The past decade has seen GPU arithmetic power surge dramatically, with teraFLOP counts climbing super‑exponentially. In contrast, high‑bandwidth memory (HBM) improvements have been modest, roughly linear. This divergence creates a classic "memory wall" where the processor’s compute units sit idle, waiting for data from DRAM. The Roofline performance model visualizes this gap: workloads with low arithmetic intensity fall on the memory‑bound slope, capping speedups regardless of raw FLOP increases. Recognizing where a model sits on this curve is the first step toward realistic performance expectations.

For AI practitioners, the practical implication is clear: before allocating budget for newer GPUs, teams must profile the memory bandwidth demands of their pipelines. Data‑loading strategies, tensor layout, and kernel fusion can dramatically raise arithmetic intensity, shifting workloads toward the compute‑bound region where additional FLOPs translate into real throughput gains. Techniques such as mixed‑precision training, activation checkpointing, and on‑GPU data preprocessing reduce the volume of data shuttled between DRAM and SMs, unlocking the latent power of modern accelerators like the H100.

Looking ahead, hardware vendors are addressing the imbalance with innovations like stacked HBM, chip‑let architectures, and tighter CPU‑GPU interconnects.

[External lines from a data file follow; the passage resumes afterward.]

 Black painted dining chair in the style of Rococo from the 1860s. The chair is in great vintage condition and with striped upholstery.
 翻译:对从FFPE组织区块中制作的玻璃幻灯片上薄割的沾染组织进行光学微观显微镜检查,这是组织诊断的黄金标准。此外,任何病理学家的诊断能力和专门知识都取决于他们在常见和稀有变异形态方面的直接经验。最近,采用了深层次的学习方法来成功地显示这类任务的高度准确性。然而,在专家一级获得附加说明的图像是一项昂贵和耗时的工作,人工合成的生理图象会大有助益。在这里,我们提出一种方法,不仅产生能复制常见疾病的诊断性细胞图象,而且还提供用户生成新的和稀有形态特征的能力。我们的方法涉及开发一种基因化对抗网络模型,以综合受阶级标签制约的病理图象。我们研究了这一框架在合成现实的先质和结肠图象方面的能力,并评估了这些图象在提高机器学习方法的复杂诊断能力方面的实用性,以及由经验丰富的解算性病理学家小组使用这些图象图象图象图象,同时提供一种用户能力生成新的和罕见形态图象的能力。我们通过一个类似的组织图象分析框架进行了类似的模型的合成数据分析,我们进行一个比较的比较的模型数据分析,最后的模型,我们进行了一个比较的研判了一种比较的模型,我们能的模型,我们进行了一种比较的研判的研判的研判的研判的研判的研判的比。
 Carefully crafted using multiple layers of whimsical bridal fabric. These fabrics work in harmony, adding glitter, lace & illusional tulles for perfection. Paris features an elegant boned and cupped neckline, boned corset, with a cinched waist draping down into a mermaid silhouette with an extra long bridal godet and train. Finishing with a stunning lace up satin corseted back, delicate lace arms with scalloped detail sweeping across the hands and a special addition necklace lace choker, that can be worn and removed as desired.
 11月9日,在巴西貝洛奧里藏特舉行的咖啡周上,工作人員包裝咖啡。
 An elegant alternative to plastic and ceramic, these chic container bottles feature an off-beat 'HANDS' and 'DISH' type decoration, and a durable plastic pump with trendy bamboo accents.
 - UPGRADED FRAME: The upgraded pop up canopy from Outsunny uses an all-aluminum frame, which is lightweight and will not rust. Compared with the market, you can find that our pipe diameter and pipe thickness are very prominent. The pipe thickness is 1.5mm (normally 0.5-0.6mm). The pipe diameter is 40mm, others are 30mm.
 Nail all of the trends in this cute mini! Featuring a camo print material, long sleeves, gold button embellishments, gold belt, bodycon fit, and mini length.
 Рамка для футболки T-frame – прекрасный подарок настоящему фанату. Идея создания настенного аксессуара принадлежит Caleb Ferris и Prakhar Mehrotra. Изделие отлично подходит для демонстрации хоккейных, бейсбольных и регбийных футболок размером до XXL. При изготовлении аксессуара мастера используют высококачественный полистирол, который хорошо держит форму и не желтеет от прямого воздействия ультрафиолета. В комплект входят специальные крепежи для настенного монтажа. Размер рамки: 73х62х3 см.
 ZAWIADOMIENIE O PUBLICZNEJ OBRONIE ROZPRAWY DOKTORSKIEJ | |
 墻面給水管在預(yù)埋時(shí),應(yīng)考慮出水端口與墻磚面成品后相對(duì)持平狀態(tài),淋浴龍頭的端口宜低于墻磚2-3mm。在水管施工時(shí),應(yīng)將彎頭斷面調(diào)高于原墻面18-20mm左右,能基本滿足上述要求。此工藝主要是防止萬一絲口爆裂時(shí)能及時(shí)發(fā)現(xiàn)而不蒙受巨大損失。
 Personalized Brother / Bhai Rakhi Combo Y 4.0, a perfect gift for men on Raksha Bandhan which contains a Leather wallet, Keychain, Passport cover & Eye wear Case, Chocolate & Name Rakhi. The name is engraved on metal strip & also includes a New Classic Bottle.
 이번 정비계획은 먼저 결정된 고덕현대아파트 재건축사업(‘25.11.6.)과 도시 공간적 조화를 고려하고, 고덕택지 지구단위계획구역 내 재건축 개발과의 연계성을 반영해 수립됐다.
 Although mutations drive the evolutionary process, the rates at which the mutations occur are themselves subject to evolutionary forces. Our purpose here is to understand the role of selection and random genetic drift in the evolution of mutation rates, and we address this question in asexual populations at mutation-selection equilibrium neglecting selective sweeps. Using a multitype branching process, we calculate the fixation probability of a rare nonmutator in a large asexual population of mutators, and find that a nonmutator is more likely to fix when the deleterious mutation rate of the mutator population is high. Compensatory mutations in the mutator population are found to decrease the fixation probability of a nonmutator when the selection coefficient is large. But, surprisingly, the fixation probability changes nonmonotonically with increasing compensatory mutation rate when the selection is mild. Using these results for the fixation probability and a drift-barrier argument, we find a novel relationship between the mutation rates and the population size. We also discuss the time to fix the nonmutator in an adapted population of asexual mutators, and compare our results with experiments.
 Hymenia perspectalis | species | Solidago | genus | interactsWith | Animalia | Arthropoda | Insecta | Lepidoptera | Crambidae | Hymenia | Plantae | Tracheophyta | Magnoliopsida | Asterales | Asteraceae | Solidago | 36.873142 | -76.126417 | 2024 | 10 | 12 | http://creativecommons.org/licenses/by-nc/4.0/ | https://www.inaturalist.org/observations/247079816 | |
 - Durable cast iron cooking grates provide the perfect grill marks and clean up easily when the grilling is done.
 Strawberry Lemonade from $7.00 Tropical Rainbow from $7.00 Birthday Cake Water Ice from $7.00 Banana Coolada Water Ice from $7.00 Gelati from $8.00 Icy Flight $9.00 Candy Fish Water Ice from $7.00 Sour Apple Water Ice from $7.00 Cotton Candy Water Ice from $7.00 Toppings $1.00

However, software‑level optimizations remain indispensable. Engineers should embed memory‑profile tools into CI pipelines, benchmark with realistic batch sizes, and consider co‑designing models that are inherently memory‑efficient. By aligning compute capacity with memory throughput, organizations can achieve proportional performance gains, avoid wasteful spend, and stay competitive in the fast‑moving AI landscape.